I am ashamed to say I ignored her. I just trotted out the normal excuse – ‘It’s just X, it’s just how he is’ Even when, years later, faced with the deliberate mentionitis of Schmoopie, and the downward spiral and nastiness towards me before he went I just ignored the huge red flags. What a Chump. He dropped hints – just didn’t have the spine to be completely honest. I was so used to the poor treatment towards me by then I just accepted it and ignored it.

But him leaving, after gaslighting, exposing the truth and most importantly, hurting the kids by his lies and actions, was when the veil was finally lifted and I went straight to the solicitor. Ex MIL said she was amazed I acted so quickly (she didn’t like the exposure and whole X family stayed away and continue to blame their grandchildren for not towing the family line of compliance)

So I guess one led to the other. I ignored and hoped until I could ignore no more. The divorce has shown the true disorder of both him and his family and I am so thankful I found this site to explain why I felt the way I did. I’m glad he left – it’s the way he left I cannot forgive.

Tempest
Tempest
4 years ago

While there is no set timeline for healing–it depends on so many individual factors–if you are still frequently processing what happened in the marriage two years after D-day, please read as much as you can on trauma bonds (start with Kim Saeed, who has some very good materials).

While I was able to move past my 24-year relationship to Hannibal Lecher within a year or two because I had become so disgusted with him by the end, D-day was almost a relief since I had a clear reason to leave his sorry ass. But I admit to a trauma bond with exBF, that kept me emotionally hooked for 6 months after the breakup. He had appeared to be a kind, honest man, so the juxtaposition with his lying, cold self was mind-boggling to me. Reading up on trauma bonds was the main thing that allowed me to see his emotional manipulation was so subtle, that I didn’t realize I had begun to walk on eggshells around him, to avoid confrontation on valid issues, and was being subject to an intermittent reinforcement of kindness-withdrawal episodes from him that led to the trauma bond.

Those of you with seemingly-nice-girl/guy cheaters may have to do extra work to wrap your head what happened.
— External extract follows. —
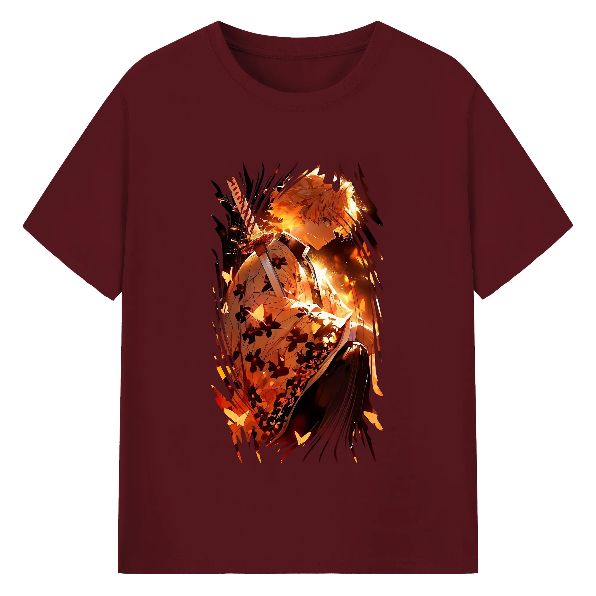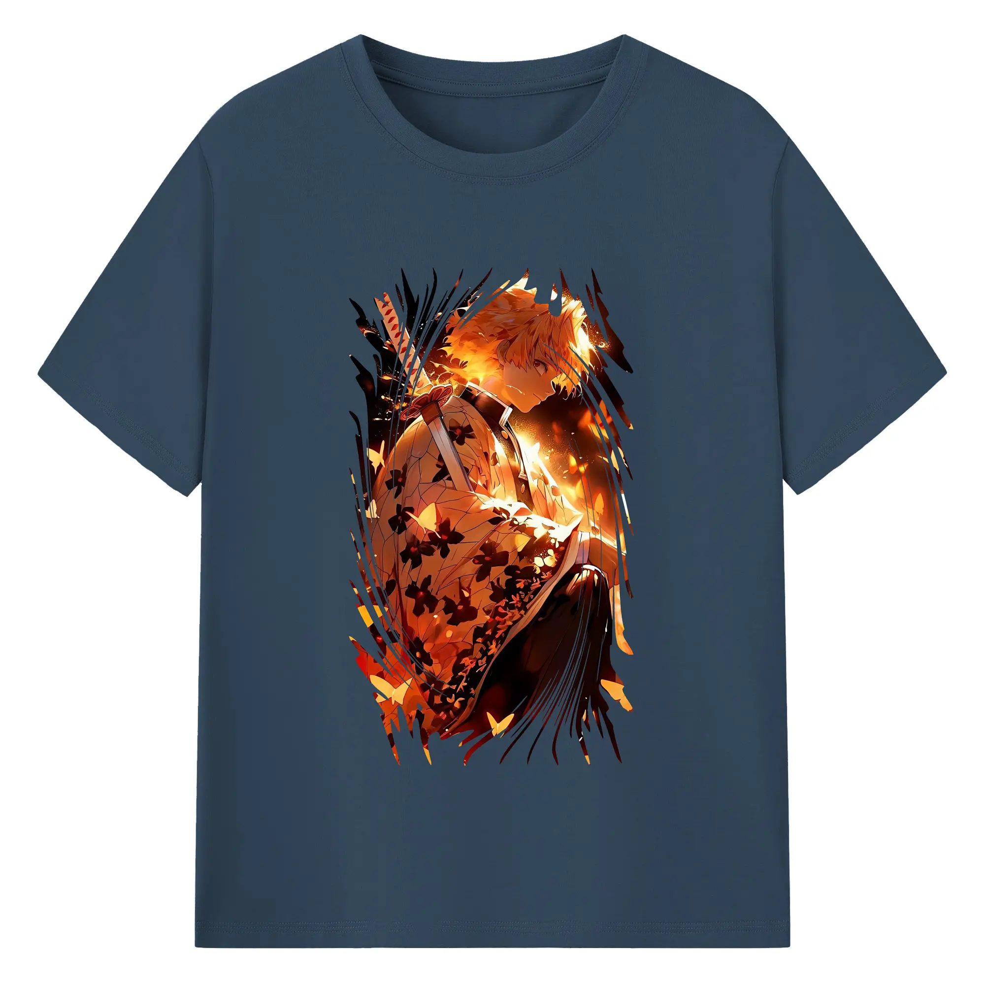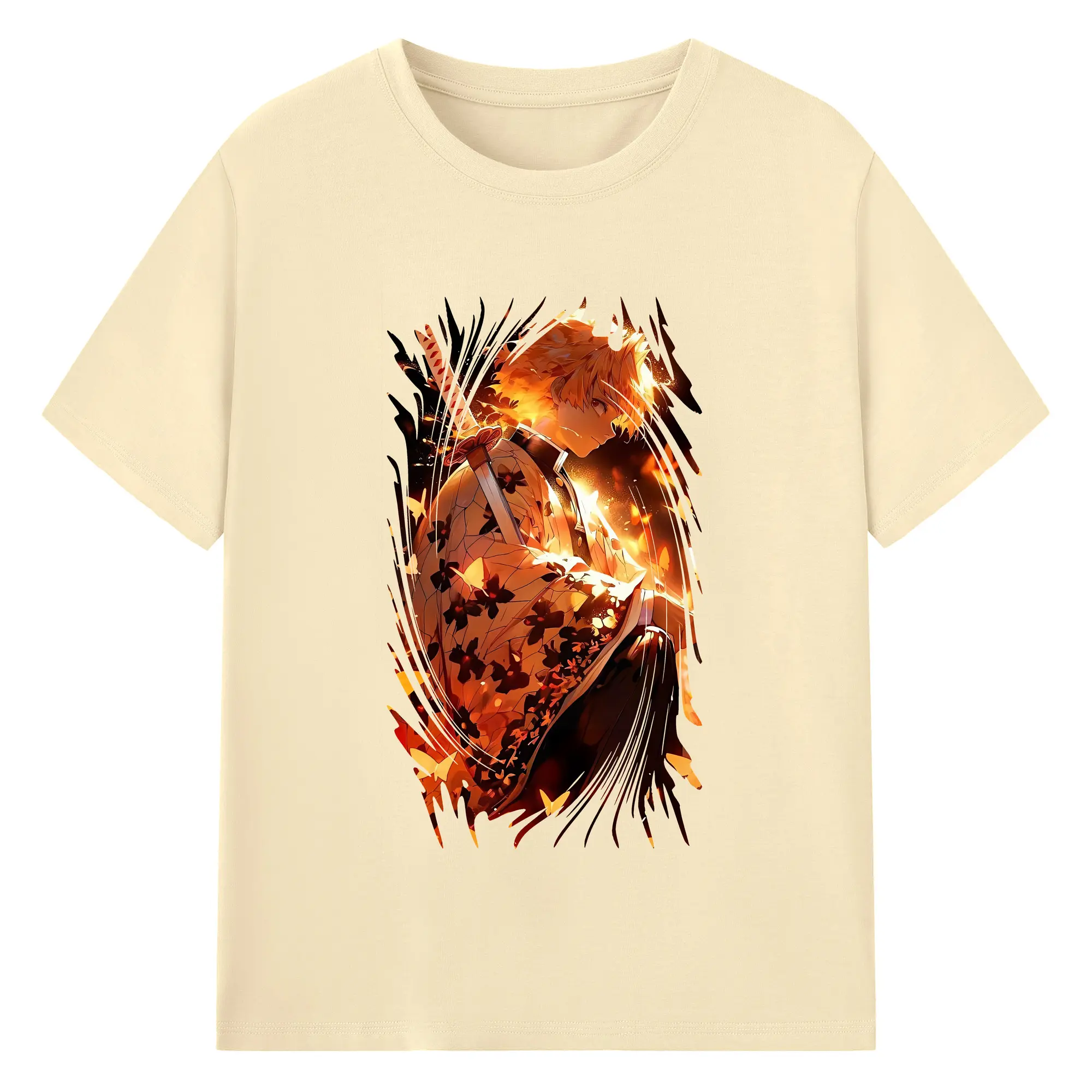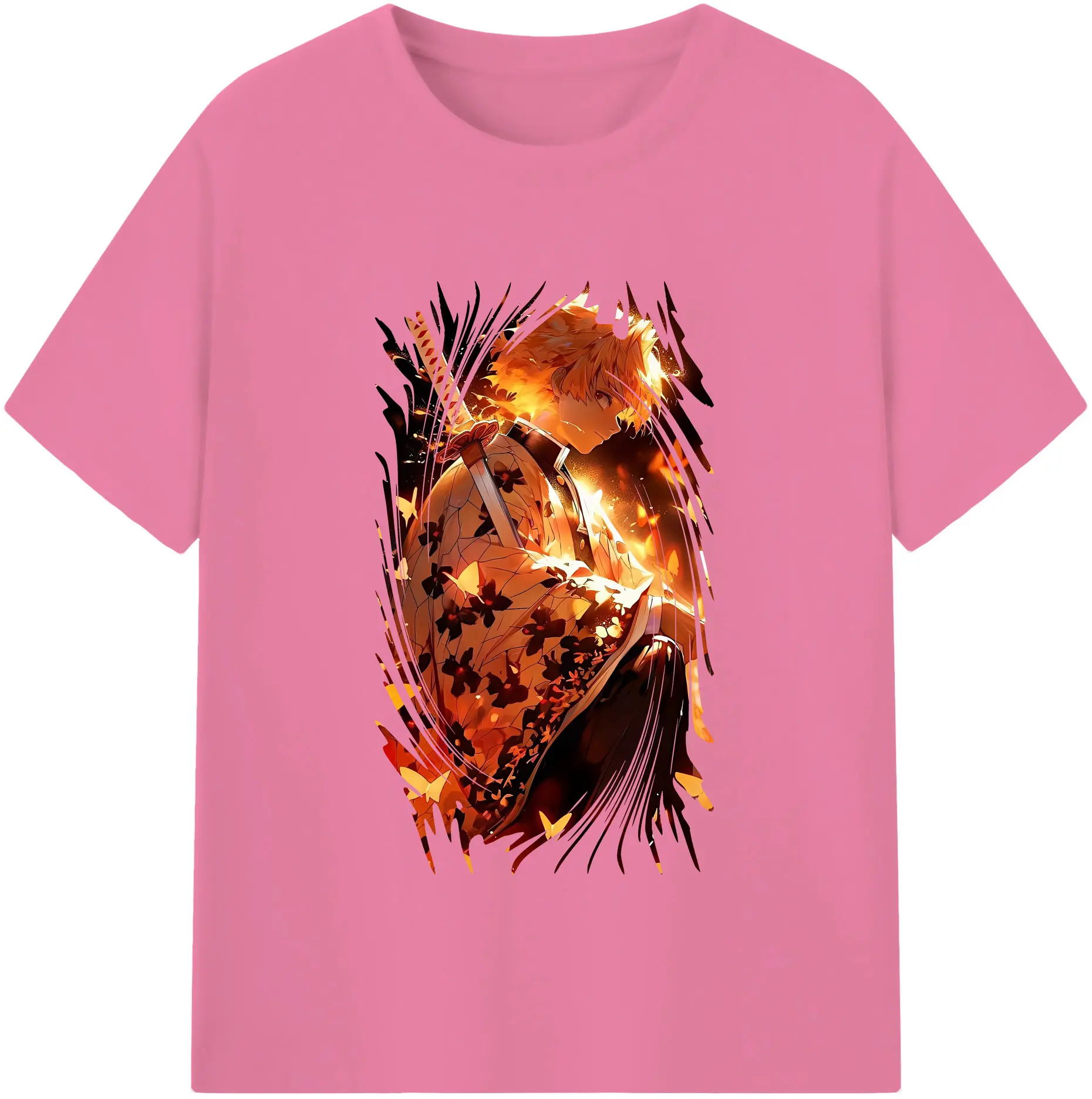 鬼滅の刃 グッズ,我妻 善逸 - 綿100% 半袖Tシャツ ・ バックプリント ・ 快適 通気性 ・ 日常使い 散歩 スポーツ用

But it was NEVER your fault. Was the marriage dead before the affair? It was never alive; there is no way to make a marriage work with these people. You can get through Act I, or Act II, or Act XXX with them, but they never had a substantial investment to begin with.

OptionNoMore
OptionNoMore
4 years ago
Reply to  Tempest

I have one of those “nice guys” to deal with. No one expected this behaviour of him. He was an accommodator, always going along with things, quiet, even-keeled. But, really he harboured resentments that he wouldn’t communicate and it festered. I am a very action-oriented, passionate person, and he felt that he couldn’t stand up to my strength (as he puts it). So, basically, his take is that I drove him to seek validation outside the marraige (b.s.).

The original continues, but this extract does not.